The alpha level is 0.001. The critical value of Z at the significance level is ±3.090232.

#R code

n1 <- 17411

n2 <- 17511

x1 <- 8

x2 <- 162

p1 <- x1 / n1

p1 = 0.000459

p2 <- x2 / n2

p2 = 0.00925

z <- (p1 - p2) / sqrt((p1*(1-p1)/n1) + (p2*(1-p2)/n2))

z

z = -11.85702

(b) Efficacy Calculation: The efficacy of the vaccine is defined as the proportion of patients in the placebo group who contracted COVID-19 divided by the total number of patients who contracted COVID-19.

Efficacy = 162/170 = 95.29%

5: Comparative Analysis of Heart Medications

Problem Description

Researchers compare the effectiveness of two heart medications, clopidogrel and ticagrelor, in preventing heart attacks or strokes. A total of 13,408 patients participated, with 6,676 receiving clopidogrel and 6,732 receiving ticagrelor. The number of patients suffering a heart attack or stroke is recorded for both groups.
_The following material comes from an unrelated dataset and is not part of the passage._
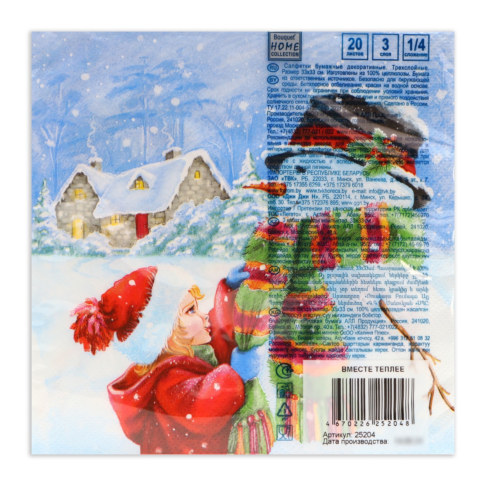 Новогодние салфетки бумажные Home Collection «вместе теплее», 3 слоя, 33х33 см, 20 шт

(a) Hypothesis Testing: A two-sample proportion Z test is utilized to compare the occurrence of heart attacks or strokes between the two medication groups. The null hypothesis (H0) assumes no difference, while the alternative hypothesis (H1) suggests a lower proportion for ticagrelor. The test is conducted at a 1% significance level.

6: Astrological Signs and Driving Accidents

Problem Description

In a survey conducted by an insurance company, 100 participants were asked to disclose their astrological signs and the number of accidents they experienced as drivers since obtaining their licenses. The data is categorized by astrological sign.

Astrological Sign Number of Accidents
Aries 1, 1, 0, 1, 0, 0, 3, 1
Taurus 0, 0, 0, 0, 2, 1, 0, 3, 2
Gemini 0, 0, 1, 1, 0, 1, 0
Cancer 0, 0, 0, 2, 0, 0, 0, 3, 0, 0, 0
Leo 1, 0, 1, 1
Virgo 1, 0, 2, 1, 0, 0, 0, 1, 0, 0, 1
Libra 1, 2, 0, 0, 0, 2, 3, 2, 0, 1
Scorpio 0, 0, 2, 1, 2, 1, 1, 1
Sagittarius 1, 4, 0, 0, 1
Capricorn 0, 2, 0, 0, 0, 2, 0, 2
Aquarius 0, 2, 1, 0, 2, 2, 0, 0, 1, 0, 1, 0, 1, 0
Pisces 1, 1, 0, 3, 0

Table 3: First-hand accident experiences and the victims’ astrological signs

(a) ANOVA Test: A one-way ANOVA test is used to determine if a person's astrological sign has a statistically significant impact on the number of accidents. The null hypothesis assumes that the average number of accidents is the same for all astrological signs, while the alternative hypothesis suggests at least one sign differs. The analysis is conducted at a 5% significance level.

R-Code:

Aquarius Aries Cancer Capricorn Gemini Leo
0.714286 0.875 0.454546 0.75 0.428571 0.75
Libra Pisces Sagittarius Scorpio Taurus Virgo
1.1 1 1.2 1 0.888889 0.545455

Conclusion:

The ANOVA results determine whether astrological signs significantly impact the number of accidents. The average values for each sign are examined for any statistically significant differences.